Sumo administrators set up metric sources to receive metrics. A metric source understands a particular type of metric. For example, Sumo’s host metrics source knows how to ingest system metrics (network, CPU, file system, and so on) from Linux and Windows. Our CloudWatch source knows how to ingest metrics from AWS.

Metrics flow into Sumo as individual data points. The frequency varies.

How does Sumo store metrics?

Sumo stores metrics as raw data points and also in summarized form, in rollup tables.
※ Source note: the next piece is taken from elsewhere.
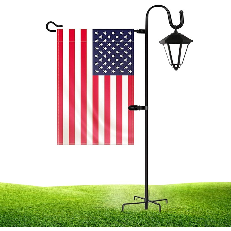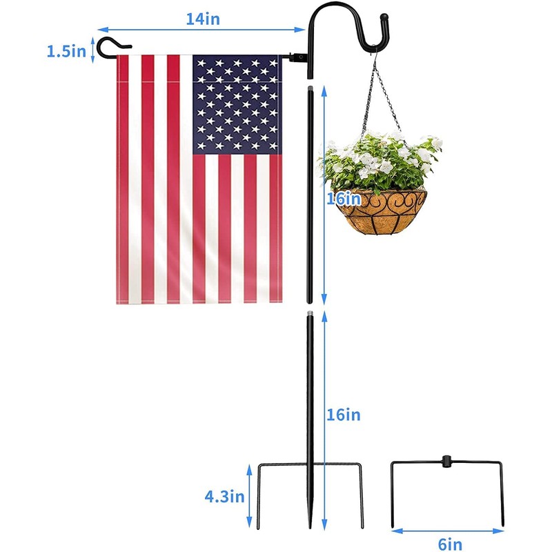 - 【Durable】The yard flag stand with a 1/2 inch diameter one piece wrought iron metal, much thicker than other brand 1/5 inch garden flag stands, makes you have the strongest and thickest garden flag poles for hanging bird feeder or flags, just bring your heavy flower pot basket or bird feeders.

Raw data points are individual data points. We sometimes refer to the raw data points we store as the baseline table.

While the baseline table contains raw data, rollup tables contain aggregated metric values. Sumo has two sets of rollup tables: one with the metric values for each time series aggregated by minute and one by hour. Sumo performs five types of aggregation on raw data points: avg, max, min, count, and sum. (The average value of the data points, the maximum value of the data points, the minimum value, the number of data points, and the sum of all the values.)

The process of calculating aggregated values for the individual data points in a time bucket is called quantization. The quantization process is described in detail on Metrics Quantization.

Metrics formats

Sumo supports the Graphite, Carbon 2.0, and Prometheus metric formats. For more information, see Metrics Formats.

Metrics sources

note

Metrics reported with a timestamp older than 24 hours ago or newer than 24 hours in the future from the time they are reported are dropped.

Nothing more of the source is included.